Wednesday, September 28, 2016

FOR A SUN: MOMMY


hello. my name is Mickey Bump. i don't get many quiet moments so while i have one i'd like to reintroduce myself again to the universe. i have been greatly misunderstood but such is the lot for great minds. i can't feel that great mind anymore by the way cos my head has been pumped with o so much drugs by my father.

Jose: not to mention crazy ideas.

hey, they thought Galileo was crazy.

Jose: have another taco, boss.

not saying i'm in the same league. but i did name a hotel after him. the point is i see clearly. the knife rain is gone. i'm focused and made of concentrate. all my life i've been given what i want. so i don't take no for an answer. i'm not distracted with sounding right...

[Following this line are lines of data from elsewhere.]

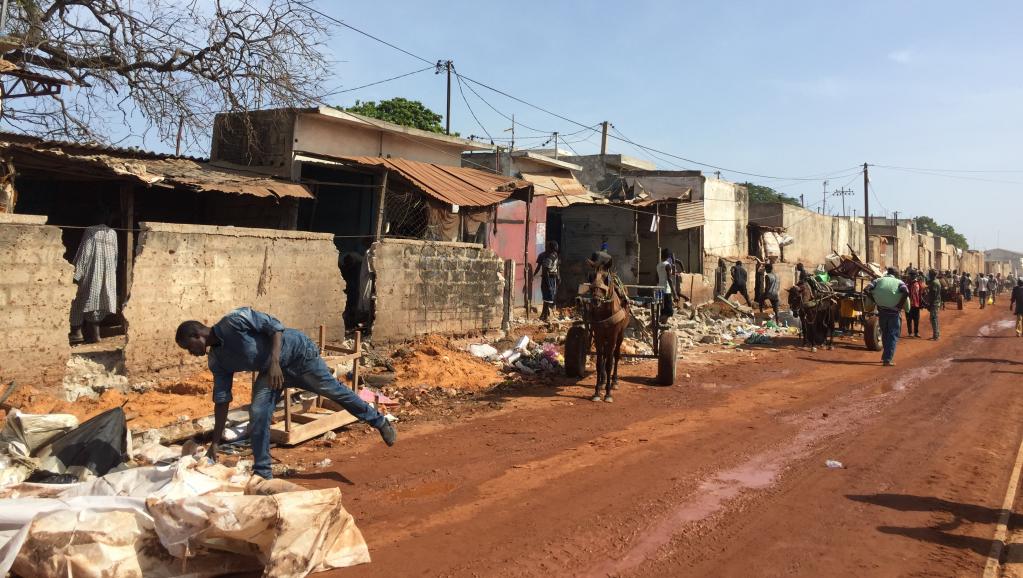 La pelleteuse vient de passer, laissant derrière elle des tas de gravats. La colère, la tension se lit sur les visages des commerçants. Assis, à la lisière des futures voies, Omar Diallo s’en prend au président Macky Sall.
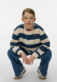 Noor inimene, kes kannab sinise ja beežide triipudega kampsunit, lahtisi siniseid pükse ja valgeid tossusid, poseerides käed pea taga tõstetud.
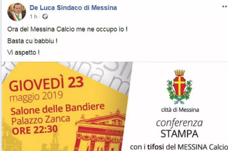 Cateno De Luca, sindaco di Messina, con un post sui social ha annunciato per domani una conferenza a Palazzo Zanca (dalle ore 22.30) con i supporters biancoscudati. Citate nell’annuncio anche Camaro e Città di Messina. Questo il breve ma chiaro comunicato: “Ora del Messina calcio me ne occupo io. Basta cu babbiu! Vi aspetto”.
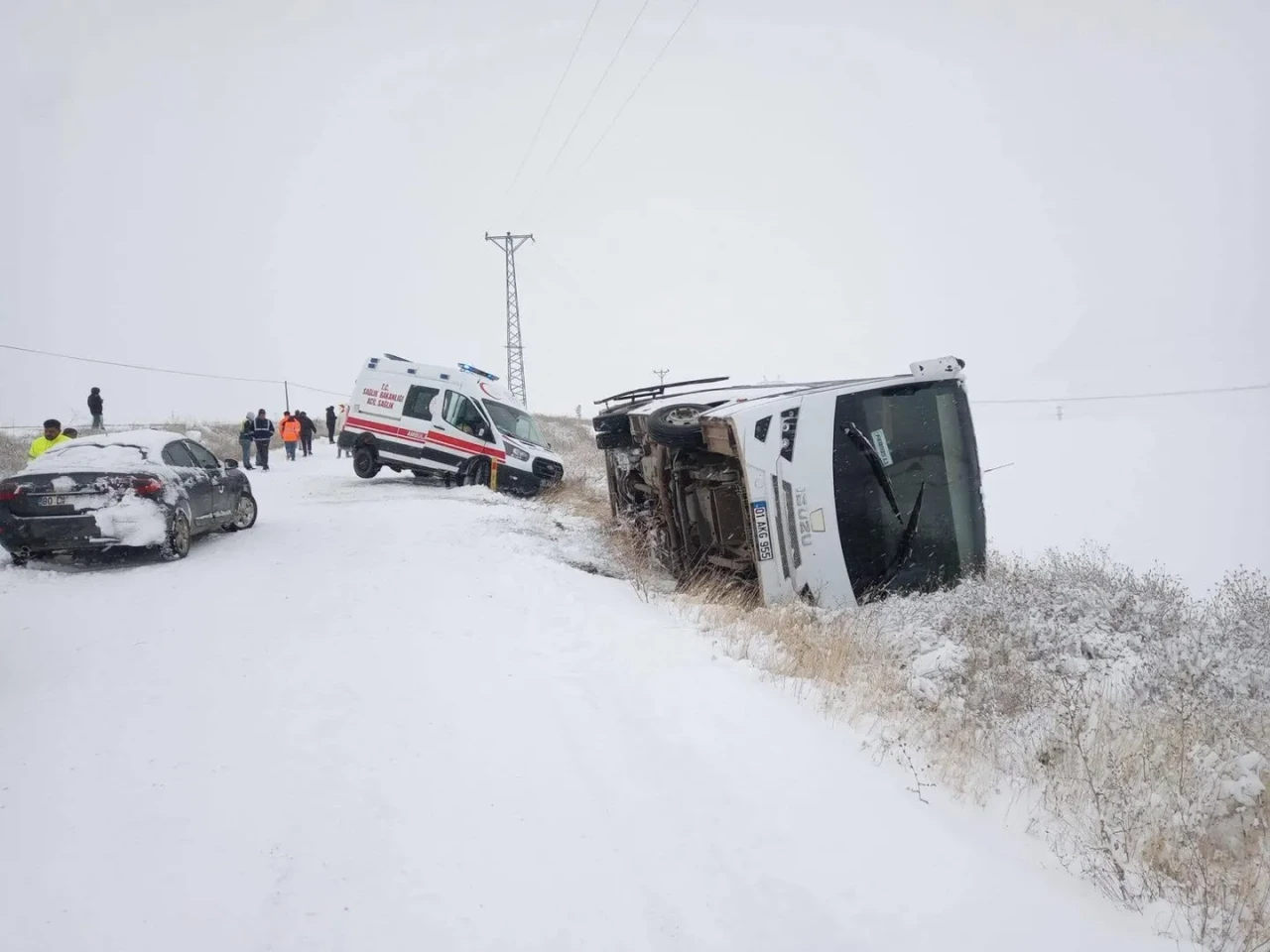 Kar yağışının etkili olduğu bölgede servis minibüsü şarampole devrildi. Araçtaki 5 işçi kazadan yara almadan kurtulmayı başardı.

Jose: *fingers shaped in a megaphone* WRONG!

...no, right and stop interrupting. i see a path and immediately cross the bridge. except there are no more bridges. we stopped building buildings. we got bogged down with twitter talk and no action. i don't care anymore. the time for tough talk is over. i will simply do it. i got the semen for it. thanks Hilary.

Hilary: no problem, take two and call me in the morning in America. i like it back here. nice and quiet. i can study my numbers book.

don't make me break your glasses you nebbish! take a whiff. look outside through the narrow window i slit open. smell that peephole. it's nature. it's the open. when i

VIEW VISTAS, I SEE CHANGE, I SEE THE LEAVES TURN RED WITH MY BLOOD, CLICK HERE, RIGHT HERE AT THIS LINK

even i can be a better man. i'm smart enough to recognize i'm dumb. i may not show it but i want the things you want. i want what i want. i believe in an impossibility called the possible. and do you know how i know it's possible? cos Kevin Garnett said so. i trust a man who knows balls.

wait, is this another drug?

Hilary: it's fine. the finest. it's a statin. worked wonders for me. it's a miracle drug.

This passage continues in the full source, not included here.